Second, instead of trying to protect nature by putting a price on it, perhaps we should use our own morals and scientific guidance as measures to determine how much we can sustainably take from the Earth. Why not put a price on nature? The first reason is that a price on nature will simply offer poachers (and the like) the incentive to destroy nature even further. The second reason is because we will never get the price “right”. As David Suzuki says in his movie: “our economics system prices the things that are most valuable to us as worthless”. He’s right - look at the classic microeconomics example of the “Paradox of Value”: a kilogram of diamonds is priced far greater than a kilo of water! Also, in the global ecological context, the role of any one species is extremely multidimensional. If one species became hunted to extinction, the consequences to the ecosystem could range from nothing all the way up to ecosystem collapse.

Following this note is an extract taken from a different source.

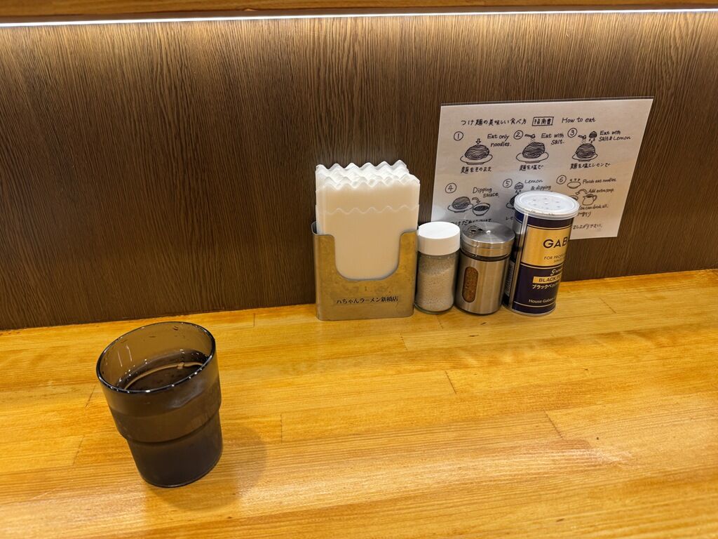 新橋店は本店とは味を変えて、生姜醤油・塩のラーメンと生姜醤油・塩の昆布水つけ麺を提供。

Despite the best ecological science, there’s no way for humans to know exactly how valuable any one species is at any time, and thus the price per orangutan or some other species is practically impossible to deduce. It’s a lot easier, and a lot better, to just minimize our impacts on nature based on our societal morals and the Golden Rule, rather than to calculate in detail how much each part of nature is worth. As Suzuki says, prices are imaginary; morals and science are real.

Third, the developing world should leapfrog the unsustainable practices of the western world. Just like how almost everyone in China now has a mobile instead of a landline phone, developing countries could go straight to renewable sources of power instead of burning fossil fuels. Why would this be beneficial, given the high cost of renewables over fossil fuels? Well, the cost of renewable energy sources is steadily declining. And, once the up-front costs are paid off, renewables will be able to provide a steady supply of essentially free electricity. No need to make weekly payments of coal, or to waste time transporting it to where it is used. For a real-life example of the benefits of distributed renewable energy, check out this excellent NY Times article about rural households in Africa benefiting from their first taste of electricity, produced from individual solar panels.

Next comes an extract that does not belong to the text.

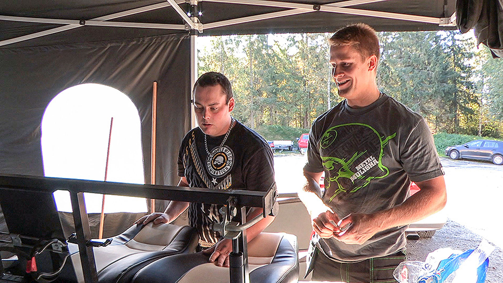 9/10. Katsastus lähenee ja poliisikin vierailee tallilla kaiuttimien äänekkään testauksen vuoksi. Välillä ehditään kokeilla myös autolla ajoa kahdella pyörällä.
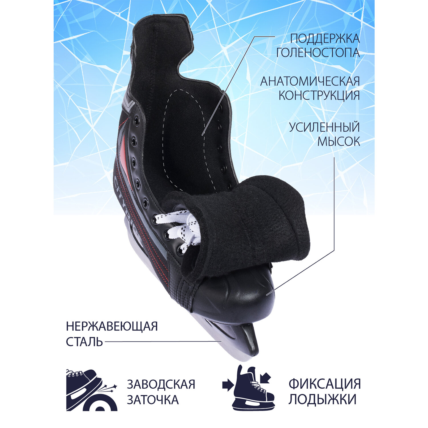 Характиристики этого товара не найдены!Отзывы на Хоккейные коньки ТМ City-Ride, лезвия нержавеющая сталь/заводская заточка, ботинки нейлон/ПВХ, чёрный/красный, 41

Last but not least, we as a society need to regain our sense of sacrifice and value of delayed gratification. The market economy and the status-quo cannot be changed instantaneously, and changing it will entail tough compromises such as possibly higher taxes, temporarily increased energy prices (as fossil fuel energy sources transition to renewables), and declining industries (which must retrain workers and retool their factories for a low/zero-carbon economy). So overall, we need to be willing to do not just what is easy, but what is right, regardless of how hard it may be.

There you go. Definitely a thought-provoking documentary. I highly recommend you watch it.